THE DATA below:

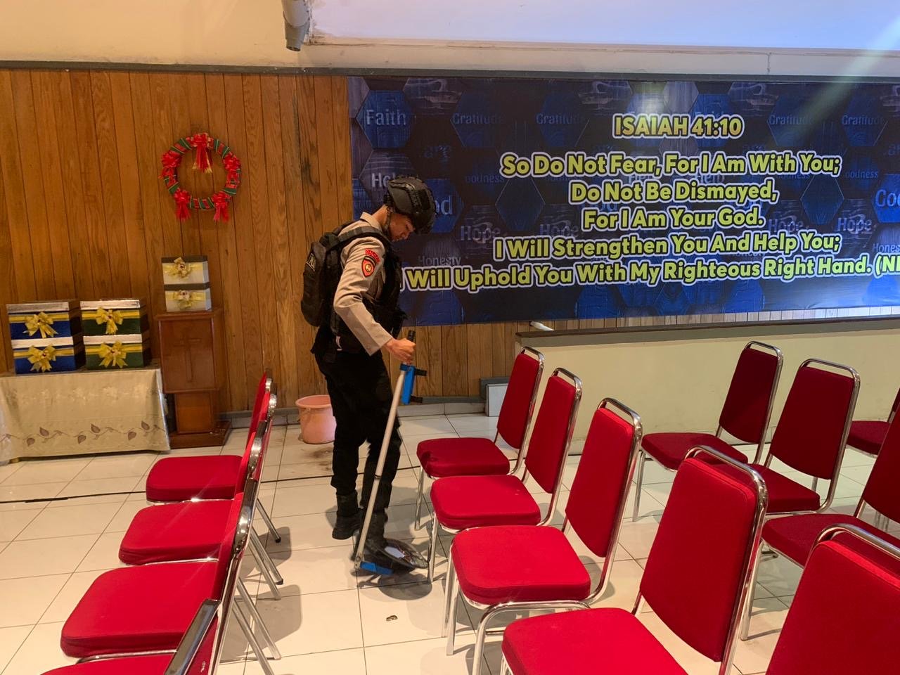 “Kami memeriksa setiap sudut gereja, termasuk tempat duduk jemaat, altar, pohon Natal, alat musik, serta area lainnya,” ujarnya.
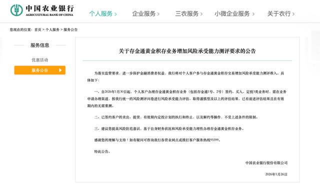 1月26日,农业银行发布公告称,自1月30日起,个人客户办理存金通黄金积存业务(包括存金通1号、2号)签约、买入、定投3类业务时,需在业务申请办理渠道,按该行统一的风险测评问卷进行风险承受能力评估、取得谨慎型及以上的评估结果。
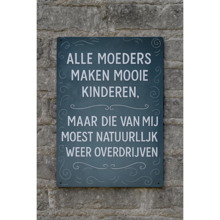 Met de tekst Alle moeders maken mooie kinderen, maar die van mij moest natuurlijk weer overdrijven zorg je gegarandeerd voor een glimlach.
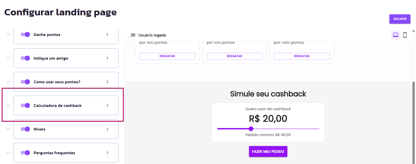 - Para a Calculadora: A seção aparecerá no menu lateral, para habilitar é necessário a recompensa de Cashback e a representatividade do cashback estarem configurados. Ative a chave "Exibir Seção" e escolha entre os 4 layouts disponíveis.
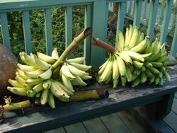 Fe'i bananas (Musa × troglodytarum), also spelled Fehi or Féi, are banana cultivars unique to Melanesia, the Maluku Islands, and Polynesia. Unlike other domesticated banana cultivars which are derived from Musa acuminata and Musa balbisiana, fe'i bananas are believed to be hybrids derived from entirely different species. Proposed progenitors of fe'i bananas include Musa jackeyi, Musa lolodensis, Musa maclayi, and Musa peekelii, all of which are native to New Guinea and surrounding islands. Like other bananas, they were spread eastwards to Polynesia for use as food. However, they are absent in Island Southeast Asia, reaching only as far as the Maluku Islands.[159]
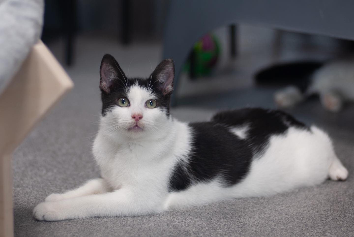 Mimo tych problemów Peso i Funt radzą sobie naprawdę dobrze 💪 Są młodzi, pełni energii i absolutnie nie mają zamiaru zwalniać tempa. Apetyt? Wzorowy 🍽️ Rano to właśnie oni jako pierwsi meldują się przy miskach, a w oczekiwaniu na jedzenie potrafią wskoczyć na wózek, byle tylko być bliżej posiłku. Jedzą chętnie, bawią się, rozrabiają i funkcjonują jak typowe, radosne młode kocurki 🐾
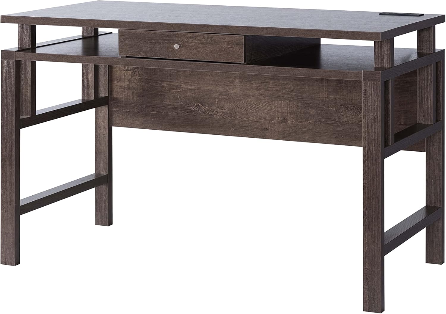 Home Office Desk, Writing Desk with Storage Drawer, USB/Power Outlet in Walnut Oak
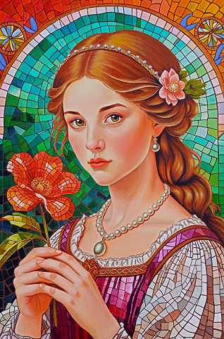 Яркая абстрактная работа, вдохновлённая витражной эстетикой. Переплетение цветовых форм и чётких линий создаёт ощущение движения, глубины и света, словно картина наполнена внутренней жизнью.
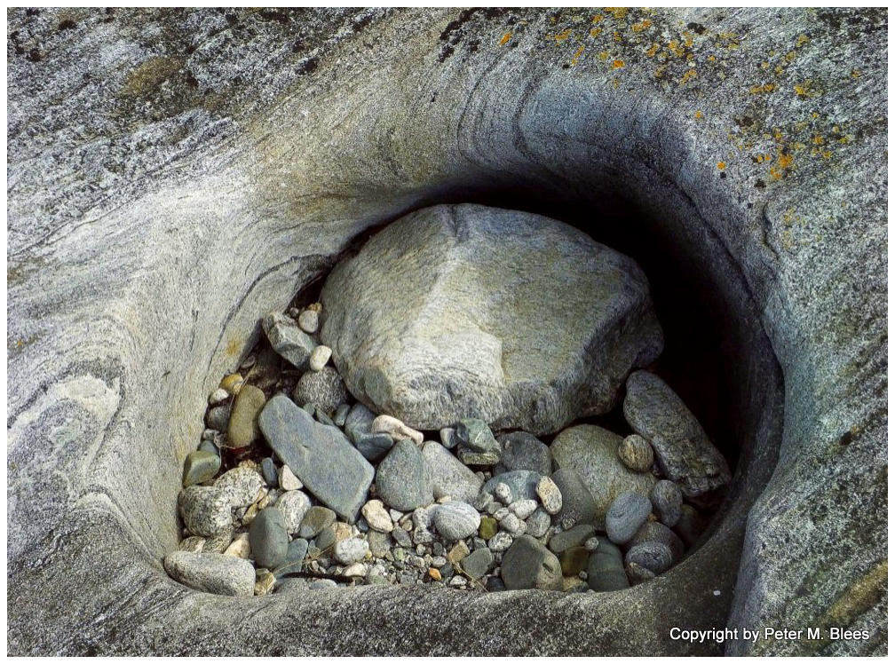 von Wasserstrudeln mit Hilfe von Steinen ausgewaschene runde Löcher, die
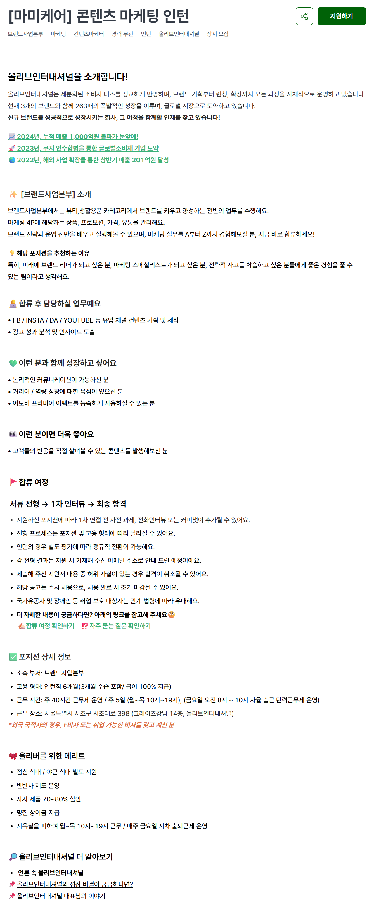 [올리브인터내셔널] [마미케어] 콘텐츠 마케팅 인턴

End of THE DATA.

• TRY IT
The records above are to be transcribed exactly, with every picture left out.

• REPLY TO THE TASK
 “Kami memeriksa setiap sudut gereja, termasuk tempat duduk jemaat, altar, pohon Natal, alat musik, serta area lainnya,” ujarnya.
 1月26日,农业银行发布公告称,自1月30日起,个人客户办理存金通黄金积存业务(包括存金通1号、2号)签约、买入、定投3类业务时,需在业务申请办理渠道,按该行统一的风险测评问卷进行风险承受能力评估、取得谨慎型及以上的评估结果。
 Met de tekst Alle moeders maken mooie kinderen, maar die van mij moest natuurlijk weer overdrijven zorg je gegarandeerd voor een glimlach.
 - Para a Calculadora: A seção aparecerá no menu lateral, para habilitar é necessário a recompensa de Cashback e a representatividade do cashback estarem configurados. Ative a chave "Exibir Seção" e escolha entre os 4 layouts disponíveis.
 Fe'i bananas (Musa × troglodytarum), also spelled Fehi or Féi, are banana cultivars unique to Melanesia, the Maluku Islands, and Polynesia. Unlike other domesticated banana cultivars which are derived from Musa acuminata and Musa balbisiana, fe'i bananas are believed to be hybrids derived from entirely different species. Proposed progenitors of fe'i bananas include Musa jackeyi, Musa lolodensis, Musa maclayi, and Musa peekelii, all of which are native to New Guinea and surrounding islands. Like other bananas, they were spread eastwards to Polynesia for use as food. However, they are absent in Island Southeast Asia, reaching only as far as the Maluku Islands.[159]
 Mimo tych problemów Peso i Funt radzą sobie naprawdę dobrze 💪 Są młodzi, pełni energii i absolutnie nie mają zamiaru zwalniać tempa. Apetyt? Wzorowy 🍽️ Rano to właśnie oni jako pierwsi meldują się przy miskach, a w oczekiwaniu na jedzenie potrafią wskoczyć na wózek, byle tylko być bliżej posiłku. Jedzą chętnie, bawią się, rozrabiają i funkcjonują jak typowe, radosne młode kocurki 🐾
 Home Office Desk, Writing Desk with Storage Drawer, USB/Power Outlet in Walnut Oak
 Яркая абстрактная работа, вдохновлённая витражной эстетикой. Переплетение цветовых форм и чётких линий создаёт ощущение движения, глубины и света, словно картина наполнена внутренней жизнью.
 von Wasserstrudeln mit Hilfe von Steinen ausgewaschene runde Löcher, die
 [올리브인터내셔널] [마미케어] 콘텐츠 마케팅 인턴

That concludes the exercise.